Registration Rights Agreement
     The holders of the Notes are entitled to the benefits of a Registration Rights Agreement dated August 12, 2011 (the “Registration Rights Agreement”), between the Company and the initial purchasers listed therein. Pursuant to the Registration Rights Agreement, the Company has agreed to file a registration statement with the Securities and Exchange Commission for an offer to exchange the Notes for a new issuance of substantially identical notes issued under the Securities Act on or before 180 days after August 12, 2011, and to use its commercially reasonable efforts to cause the registration statement to be declared effective on or before 270 days after August 12, 2011. The Company may be required to provide a shelf registration statement to cover resales of the Notes under certain circumstances.
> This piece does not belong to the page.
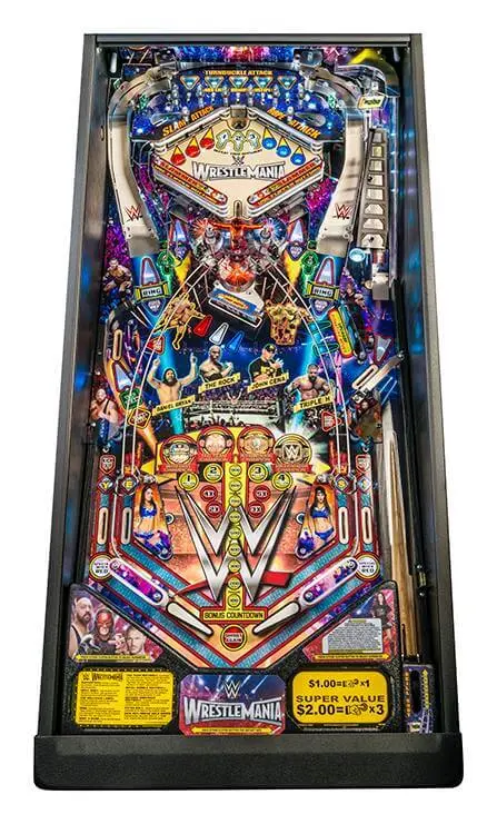 The WWE Pro and the Limited Edition machines feature an innovative upper pinball playfield wrestling ring. With the flipper buttons, players control two Slammer slingshot-style kickers in the ropes of the ring. Completing the three drop target bank starts a wrestling match. Players rack up points and pin opponents in the ring by shooting into a kick out hole. Keeping the ball in the ring and hitting as many targets as possible will advance players through the match. Multiple ramps guide the ball throughout gameplay, while brilliant lightshows highlight the all LED playfield. Ten licensed songs include intro music for wrestlers that players choose. WWE announcers Jerry The King Lawlor and Michael Cole add play by play excitement.
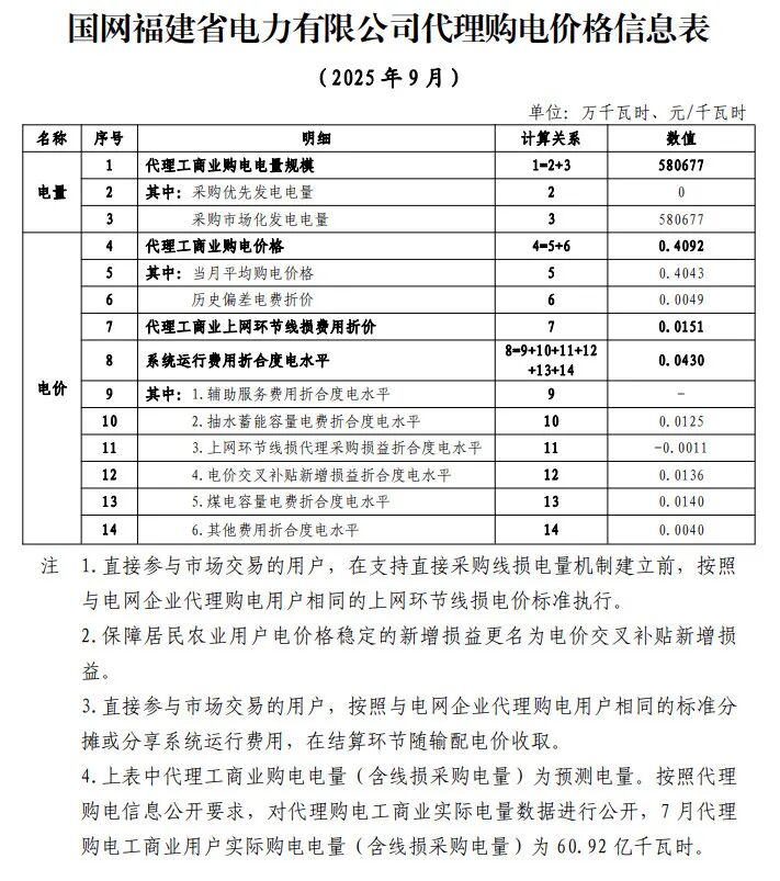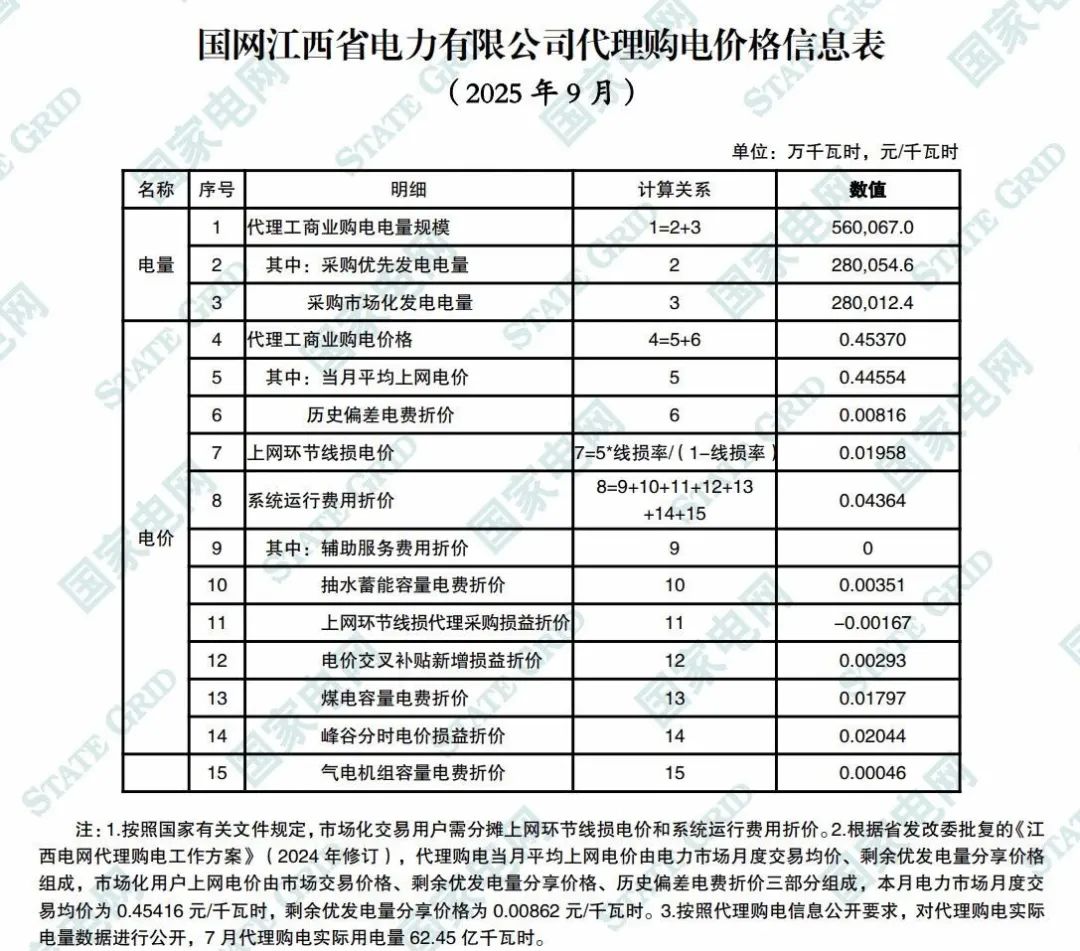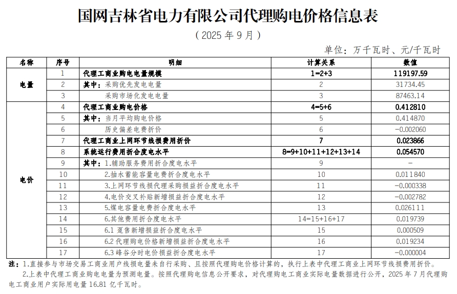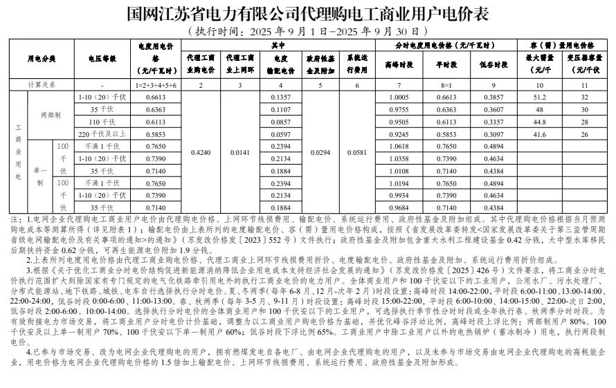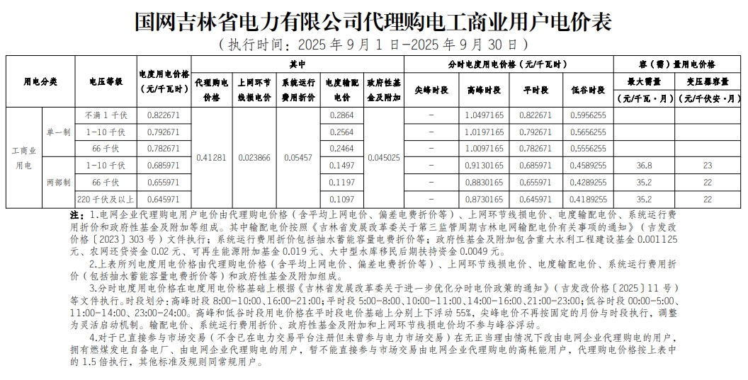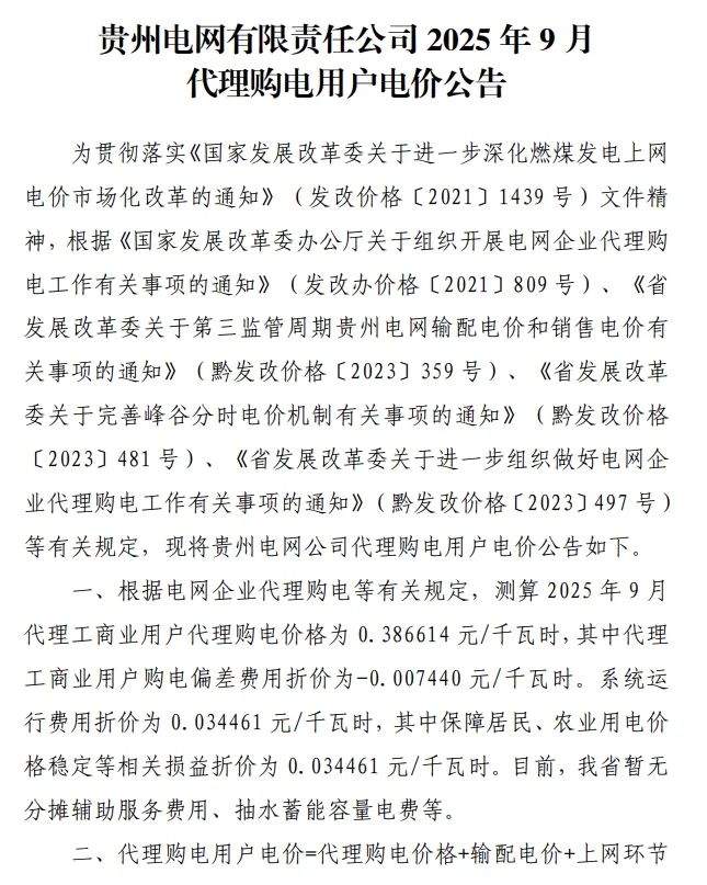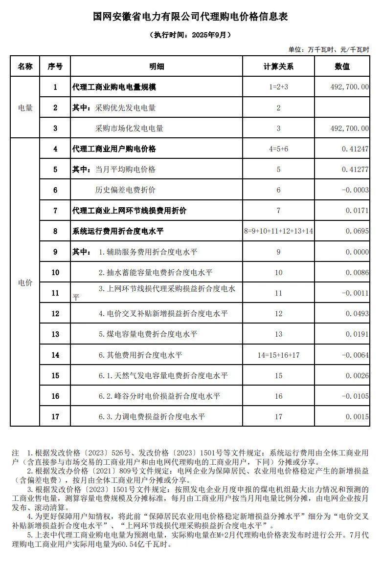以下为2025年9月各地电网企业代理购电价格表,顺序依次为:江苏、安徽、广东、山东、山西、北京、河北、冀北、河南、浙江、上海、重庆、四川、黑龙江、辽宁、吉林、内蒙古东部、内蒙古电力集团、江西、湖北、湖南、青海、宁夏、陕西、天津、甘肃、新疆、广西、海南、贵州、云南、深圳、福建。

If the Company fails to satisfy its obligations under the Registration Rights Agreement, it may be required to pay additional interest on the Notes.
     The foregoing description of the Registration Rights Agreement is qualified in its entirety by reference to the Registration Rights Agreement, a copy of which is filed as Exhibit 10.1 to this Current Report on Form 8-K and incorporated herein by reference.
Item 2.03.   Creation of a Direct Financial Obligation or an Obligation under an Off-Balance Sheet Arrangement of a Registrant.
     The information included in Item 1.01 of this Current Report is incorporated by reference into this Item 2.03.
Item 9.01.   Financial Statements and Exhibits.
(d) Exhibits
         
Exhibit No.   Description
  4.1    
Indenture, dated as of August 12, 2011, between Transcontinental Gas Pipe Line Company, LLC and The Bank of New York Mellon Trust Company, N.A., as trustee.
       
 
  10.1    
Registration Rights Agreement, dated August 12, 2011, between Transcontinental Gas Pipe Line Company, LLC and the initial purchasers listed therein.

1


 

SIGNATURE
     Pursuant to the requirements of the Securities Exchange Act of 1934, the registrant has duly caused this report to be signed on its behalf by the undersigned hereunto duly authorized.
         
  TRANSCONTINENTAL GAS PIPE LINE COMPANY, LLC
 
 
  By:   /s/ Lorna R. Simms    
    Lorna R. Simms   
    Assistant Secretary   
 
DATED: August 12, 2011

 


 

EXHIBIT INDEX
         
Exhibit No.   Description
  4.1    
Indenture, dated as of August 12, 2011, between Transcontinental Gas Pipe Line Company, LLC and The Bank of New York Mellon Trust Company, N.A., as trustee.
       
 
  10.1    
Registration Rights Agreement, dated August 12, 2011, between Transcontinental Gas Pipe Line Company, LLC and the initial purchasers listed therein.